Allan Dafoe, head of the AI Governance team at FHI has written up a research agenda. It's a very large document, and I haven't gotten around to reading it all, but one of the things I would be most excited about is people in the comments quoting the most important snippets that give a big picture overview over the content of the agenda.

New to LessWrong?

New Comment
3 comments, sorted by Click to highlight new comments since: Today at 2:38 AM

I thought this was a quite good operationalisation of how hard aligning advanced AI systems might be, which I've taken from the conclusion of the overview of the technical landscape. (All of what follows is a direct quote, but it's not in quotes because the editor can't do that at the same time as bullet points.)

---

There are a broad range of implicit views about how technically hard it will be to make safe advanced AI systems. They differ on the technical difficulty of safe advanced AI systems, as well as risks of catastrophe, and rationality of regulatory systems. We might characterize them as follows:

  • Easy​: We can, with high reliability, prevent catastrophic risks with modest effort, say 1-10% of the costs of developing the system.
  • Medium: ​Reliably building safe powerful systems, whether it be nuclear power plants or advanced AI systems, is challenging. Doing so costs perhaps 10% to 100% the cost of the system (measured in the most appropriate metric, such as money, time, etc.).
    • But incentives are aligned​. Economic incentives are aligned so that companies or organizations will have correct incentives to build sufficiently safe systems. Companies don’t want to build bridges that fall down, or nuclear power plants that experience a meltdown.
    • But incentives will be aligned​. Economic incentives are not perfectly aligned today, as we have seen with various scandals (oil spills, emissions fraud, financial fraud), but they will be after a few accidents lead to consumer pressure, litigation, or regulatory or other responses.[85]
    • But we will muddle through​. Incentives are not aligned, and will never be fully. However, we will probably muddle through (get the risks small enough), as humanity has done with nuclear weapons and nuclear energy.
    • And other factors will strongly work against safety​. ​Strong profit and power incentives, misperception, heterogenous theories of safety, overconfidence and rationalization, and other pathologies conspire to deprive us of the necessary patience and humility to get it right. This view is most likely if there will not be evidence (such as recoverable accidents) from reckless development, and if the safety function is steep over medium level of inputs (“This would not be a hard problem if we had two years to work on it, once we have the system. It will be almost impossible if we don’t.”).
  • Hard or Near Impossible​: Building a safe superintelligence is like building a rocket and spacecraft for a moon-landing, without ever having done a test launch. It costs [86] greater than, or much greater than, 100% of development costs.
  • We don’t​ know​.

[85] This assumes that recoverable accidents occur with sufficient probability before non-recoverable accidents.

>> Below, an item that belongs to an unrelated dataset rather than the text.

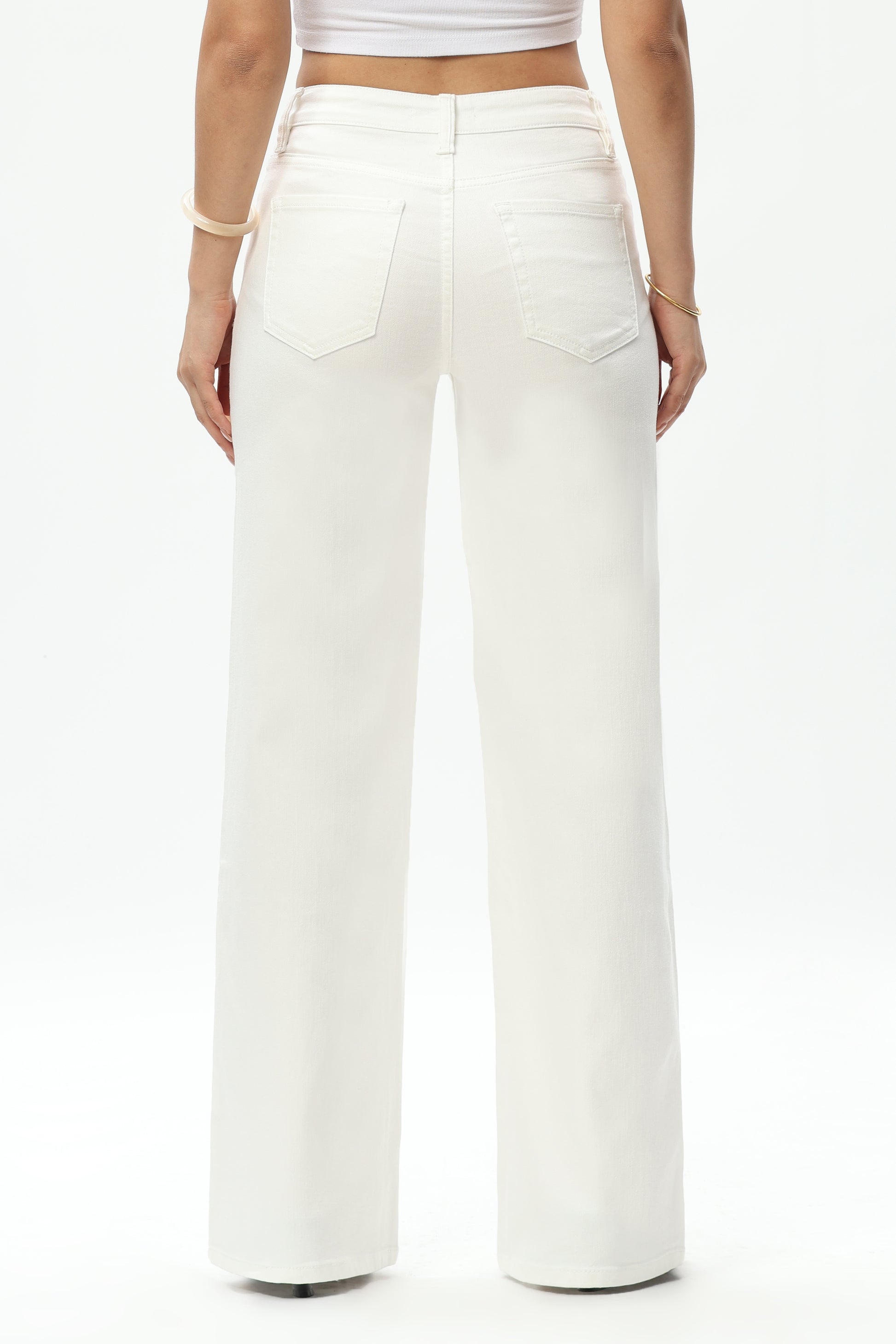 Mid rise relaxed straight pants, classic loose straight-cut silhouette, crafted from special stretch fabric with stain-resistant properties to maintain cleanliness, suitable for various occasions

[86] Yudkowsky, Eliezer. “So Far: Unfriendly AI Edition.” EconLog | Library of Economics and Liberty, 2016. http://econlog.econlib.org/archives/2016/03/so_far_unfriend.html.

There's an interesting appendix listing desiderata for good AI forecasting, that includes the catchy phrase "epistemically temporally fractal​" (which I feel compelled to find a place to use in my life). This first three points are reminiscent of Zvi's recent post.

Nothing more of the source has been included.